Set down, exactly as they appear, the line containing "Nombre comercial en" and all subsequent lines through the end of the material below.

★ ★ ★ ★

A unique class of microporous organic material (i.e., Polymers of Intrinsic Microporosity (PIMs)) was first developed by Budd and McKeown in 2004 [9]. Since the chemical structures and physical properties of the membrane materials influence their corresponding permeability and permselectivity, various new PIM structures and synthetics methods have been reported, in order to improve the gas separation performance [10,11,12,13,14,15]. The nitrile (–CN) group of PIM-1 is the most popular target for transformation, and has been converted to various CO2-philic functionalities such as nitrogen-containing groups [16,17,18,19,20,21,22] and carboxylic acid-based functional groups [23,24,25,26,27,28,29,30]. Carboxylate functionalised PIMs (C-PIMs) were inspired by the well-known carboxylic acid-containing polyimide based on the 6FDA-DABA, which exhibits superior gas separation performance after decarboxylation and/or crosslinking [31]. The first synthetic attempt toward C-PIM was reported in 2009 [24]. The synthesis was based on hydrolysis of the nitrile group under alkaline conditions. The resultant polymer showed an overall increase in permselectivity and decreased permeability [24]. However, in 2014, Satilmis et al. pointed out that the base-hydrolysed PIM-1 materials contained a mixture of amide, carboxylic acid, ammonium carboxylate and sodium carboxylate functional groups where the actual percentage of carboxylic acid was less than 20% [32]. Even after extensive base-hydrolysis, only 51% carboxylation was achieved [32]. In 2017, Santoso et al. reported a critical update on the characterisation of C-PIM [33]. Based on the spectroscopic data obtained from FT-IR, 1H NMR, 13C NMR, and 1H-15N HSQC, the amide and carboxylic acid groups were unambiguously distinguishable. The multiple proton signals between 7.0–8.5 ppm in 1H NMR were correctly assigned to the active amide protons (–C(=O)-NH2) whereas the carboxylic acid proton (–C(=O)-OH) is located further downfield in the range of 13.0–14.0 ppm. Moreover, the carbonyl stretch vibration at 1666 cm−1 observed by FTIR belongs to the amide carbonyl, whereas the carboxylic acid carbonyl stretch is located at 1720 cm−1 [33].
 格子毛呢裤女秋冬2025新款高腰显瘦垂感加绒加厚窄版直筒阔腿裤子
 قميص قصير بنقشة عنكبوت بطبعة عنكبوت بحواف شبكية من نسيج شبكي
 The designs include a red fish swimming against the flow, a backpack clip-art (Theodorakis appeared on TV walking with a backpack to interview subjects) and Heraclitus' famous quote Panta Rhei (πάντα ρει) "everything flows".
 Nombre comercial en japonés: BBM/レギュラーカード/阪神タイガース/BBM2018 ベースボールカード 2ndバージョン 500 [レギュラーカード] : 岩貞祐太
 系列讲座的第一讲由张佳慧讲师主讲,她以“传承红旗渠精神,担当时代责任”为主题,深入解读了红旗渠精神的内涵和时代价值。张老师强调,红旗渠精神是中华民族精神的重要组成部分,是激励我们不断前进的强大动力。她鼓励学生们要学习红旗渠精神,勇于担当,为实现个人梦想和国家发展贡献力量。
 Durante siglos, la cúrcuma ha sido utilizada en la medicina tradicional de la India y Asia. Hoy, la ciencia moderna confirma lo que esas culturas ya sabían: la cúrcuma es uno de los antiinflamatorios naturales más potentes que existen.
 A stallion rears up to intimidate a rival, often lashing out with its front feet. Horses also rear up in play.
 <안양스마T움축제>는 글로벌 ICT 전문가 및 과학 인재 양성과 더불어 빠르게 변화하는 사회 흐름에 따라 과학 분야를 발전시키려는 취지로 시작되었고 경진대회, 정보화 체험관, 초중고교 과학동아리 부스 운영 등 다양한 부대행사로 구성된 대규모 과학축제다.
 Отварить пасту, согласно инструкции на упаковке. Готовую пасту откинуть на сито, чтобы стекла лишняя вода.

★ ★ ★ ★

## TASK SOLUTION:
 Nombre comercial en japonés: BBM/レギュラーカード/阪神タイガース/BBM2018 ベースボールカード 2ndバージョン 500 [レギュラーカード] : 岩貞祐太
 系列讲座的第一讲由张佳慧讲师主讲,她以“传承红旗渠精神,担当时代责任”为主题,深入解读了红旗渠精神的内涵和时代价值。张老师强调,红旗渠精神是中华民族精神的重要组成部分,是激励我们不断前进的强大动力。她鼓励学生们要学习红旗渠精神,勇于担当,为实现个人梦想和国家发展贡献力量。
 Durante siglos, la cúrcuma ha sido utilizada en la medicina tradicional de la India y Asia. Hoy, la ciencia moderna confirma lo que esas culturas ya sabían: la cúrcuma es uno de los antiinflamatorios naturales más potentes que existen.
 A stallion rears up to intimidate a rival, often lashing out with its front feet. Horses also rear up in play.
 <안양스마T움축제>는 글로벌 ICT 전문가 및 과학 인재 양성과 더불어 빠르게 변화하는 사회 흐름에 따라 과학 분야를 발전시키려는 취지로 시작되었고 경진대회, 정보화 체험관, 초중고교 과학동아리 부스 운영 등 다양한 부대행사로 구성된 대규모 과학축제다.
 Отварить пасту, согласно инструкции на упаковке. Готовую пасту откинуть на сито, чтобы стекла лишняя вода.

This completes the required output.